Stored items from a collection:
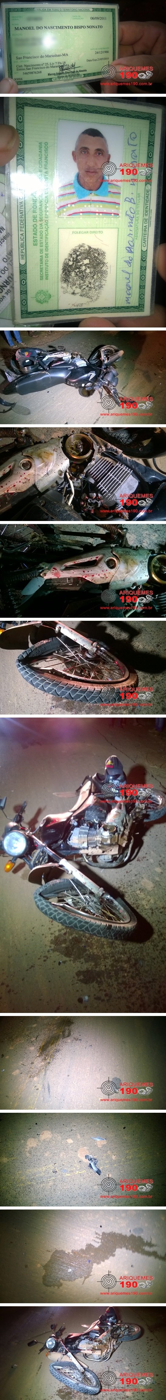 O gravíssimo acidente de trânsito que veio a ceifar a vida de Manoel do Nascimento Bispo Nonato de 48 anos de idade, aconteceu por volta das 19h40m deste sábado, 09/05. A guarnição da Polícia Militar foi informada que havia acontecido um grave acidente no Km-03 da RO-257 e que a vítima ao dar entrada no pronto socorro do Hospital Municipal não havia resistido e teria vindo a óbito. Segundo informações o acidente pode ter sido uma colisão e o segundo condutor fugiu sem prestar socorro à vítima. A violência do impacto foi tamanha que a vítima obteve várias fraturas pelo corpo e as vísceras ficaram expostas. Manoel foi socorrido pela equipe do Serviço de Atendimento Móvel de Urgência (SAMU) e do Corpo de Bombeiros, contudo, devido à gravidade dos ferimentos não resistiu e veio a óbito. A Perícia Técnica compareceu no local onde realizou os trabalhos de praxe. Foi registrado o Boletim de Ocorrência Policial (BOP) sob n° 3996/2015 e o Boletim de Ocorrência de Acidente de Trânsito (BOAT) sob n° 238/2015.
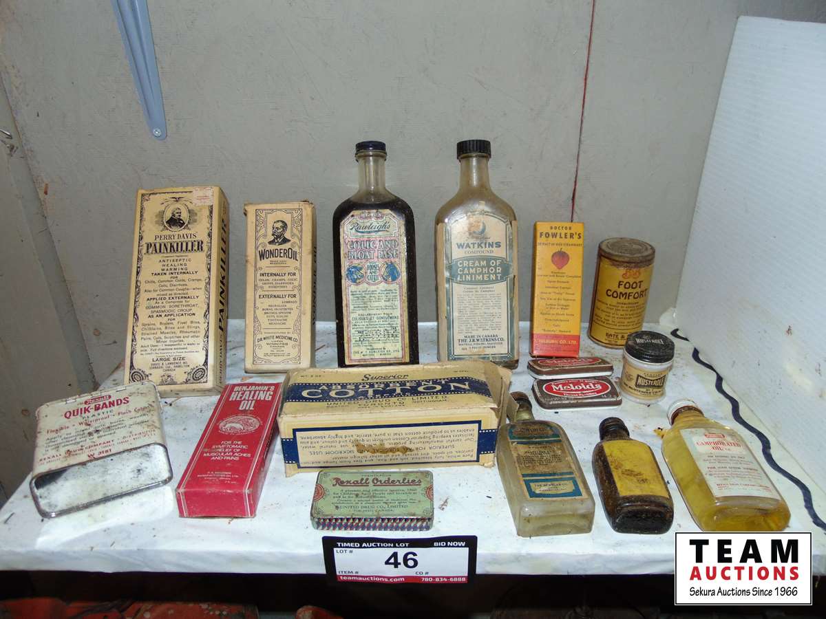 46 Miscellaneous Antique Medicine Bottles and Tins
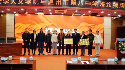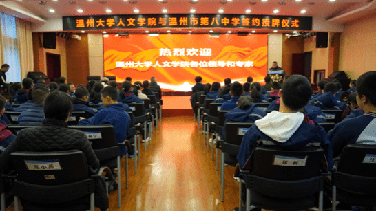 活动由温州市第八中学副校长潘略辉主持,400全讯白菜网副院长陈鸿超、温州市第八中学副校长陈孙叶分别致辞。双方签订了党建联建共同体框架协议,并为温州市第八中学授予“教育实践基地”和“党建联建共同体”牌。
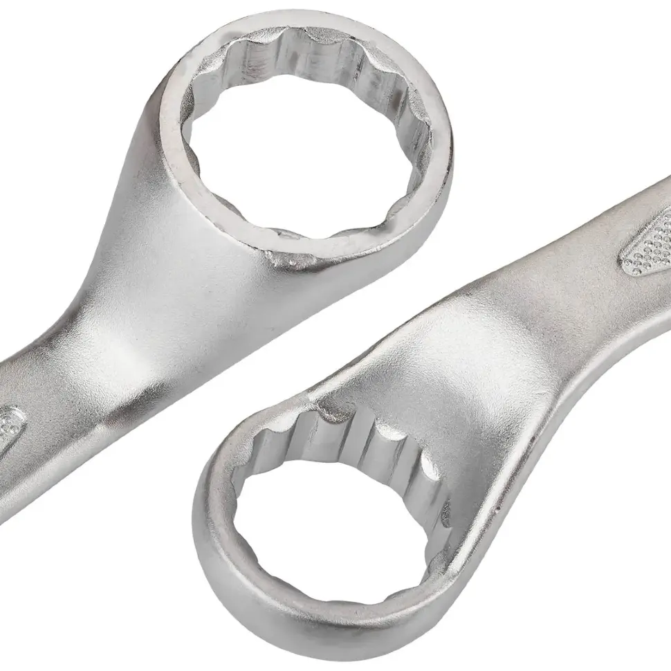 Ключи накидные отогнутые на 75°, набор 6 пр. RockFORCE RF‑50610P — удобный комплект для работы с крепежом в труднодоступных местах. Благодаря изгибу на 75° обеспечивается лёгкий доступ к гайкам и болтам, расположенным в углублениях или под углом. Каждый ключ имеет два рабочих размера, что делает набор универсальным и компактным.
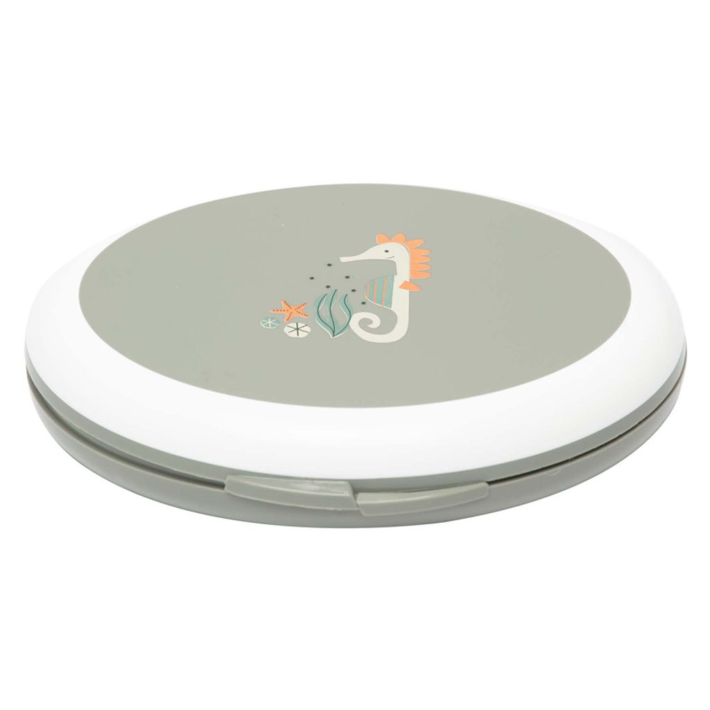 Obsahuje nůžky se zakulacenými konci, pilníček na nehty a také kleštičky na nehty. Vše je vyrobeno z nerezavějící ušlechtilé oceli. Krabička s výrazným motivem na víčku chrání před prachem a pomáhá udržovat manikúru v čistotě. Ale i přesto před každým použitím jednotlivé nástroje pečlivě očistěte a u novorozenců i desinfikujte roztokem lihu.
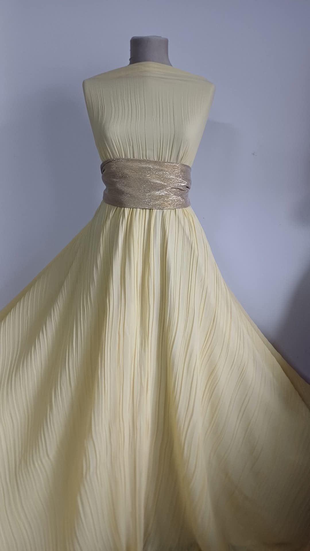 Voal Plisat Galben Deschis – un material diafan și elegant, cu pliseuri delicate care îi conferă mișcare și volum. Ideal pentru rochii, fuste, bluze, decorațiuni sau ținute spectaculoase pentru ședințe foto, aducând un aer luminos și rafinat fiecărei creații.
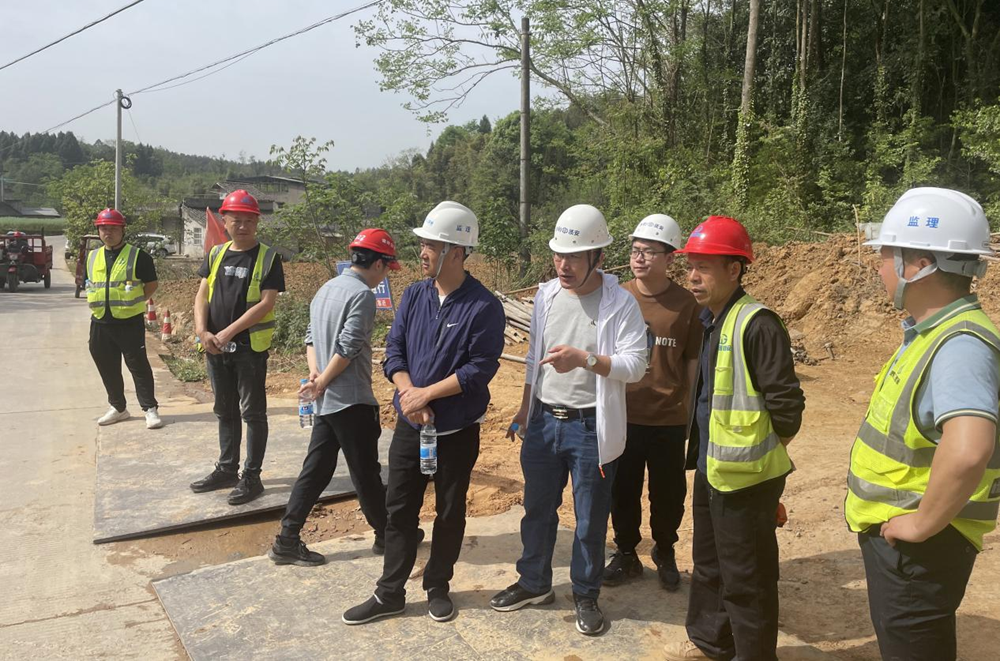4月16日,區(qū)水利局一行到綿陽市安州區(qū)現(xiàn)代化灌區(qū)建設(shè)項(xiàng)目檢查建設(shè)情況。(素材來源:工程項(xiàng)目部 辛佳洋)

Problem requirements → Without including the pictures, reproduce all entries exactly.

The answer →
 O gravíssimo acidente de trânsito que veio a ceifar a vida de Manoel do Nascimento Bispo Nonato de 48 anos de idade, aconteceu por volta das 19h40m deste sábado, 09/05. A guarnição da Polícia Militar foi informada que havia acontecido um grave acidente no Km-03 da RO-257 e que a vítima ao dar entrada no pronto socorro do Hospital Municipal não havia resistido e teria vindo a óbito. Segundo informações o acidente pode ter sido uma colisão e o segundo condutor fugiu sem prestar socorro à vítima. A violência do impacto foi tamanha que a vítima obteve várias fraturas pelo corpo e as vísceras ficaram expostas. Manoel foi socorrido pela equipe do Serviço de Atendimento Móvel de Urgência (SAMU) e do Corpo de Bombeiros, contudo, devido à gravidade dos ferimentos não resistiu e veio a óbito. A Perícia Técnica compareceu no local onde realizou os trabalhos de praxe. Foi registrado o Boletim de Ocorrência Policial (BOP) sob n° 3996/2015 e o Boletim de Ocorrência de Acidente de Trânsito (BOAT) sob n° 238/2015.
 46 Miscellaneous Antique Medicine Bottles and Tins
 活动由温州市第八中学副校长潘略辉主持,400全讯白菜网副院长陈鸿超、温州市第八中学副校长陈孙叶分别致辞。双方签订了党建联建共同体框架协议,并为温州市第八中学授予“教育实践基地”和“党建联建共同体”牌。
 Ключи накидные отогнутые на 75°, набор 6 пр. RockFORCE RF‑50610P — удобный комплект для работы с крепежом в труднодоступных местах. Благодаря изгибу на 75° обеспечивается лёгкий доступ к гайкам и болтам, расположенным в углублениях или под углом. Каждый ключ имеет два рабочих размера, что делает набор универсальным и компактным.
 Obsahuje nůžky se zakulacenými konci, pilníček na nehty a také kleštičky na nehty. Vše je vyrobeno z nerezavějící ušlechtilé oceli. Krabička s výrazným motivem na víčku chrání před prachem a pomáhá udržovat manikúru v čistotě. Ale i přesto před každým použitím jednotlivé nástroje pečlivě očistěte a u novorozenců i desinfikujte roztokem lihu.
 Voal Plisat Galben Deschis – un material diafan și elegant, cu pliseuri delicate care îi conferă mișcare și volum. Ideal pentru rochii, fuste, bluze, decorațiuni sau ținute spectaculoase pentru ședințe foto, aducând un aer luminos și rafinat fiecărei creații.
4月16日,區(qū)水利局一行到綿陽市安州區(qū)現(xiàn)代化灌區(qū)建設(shè)項(xiàng)目檢查建設(shè)情況。(素材來源:工程項(xiàng)目部 辛佳洋)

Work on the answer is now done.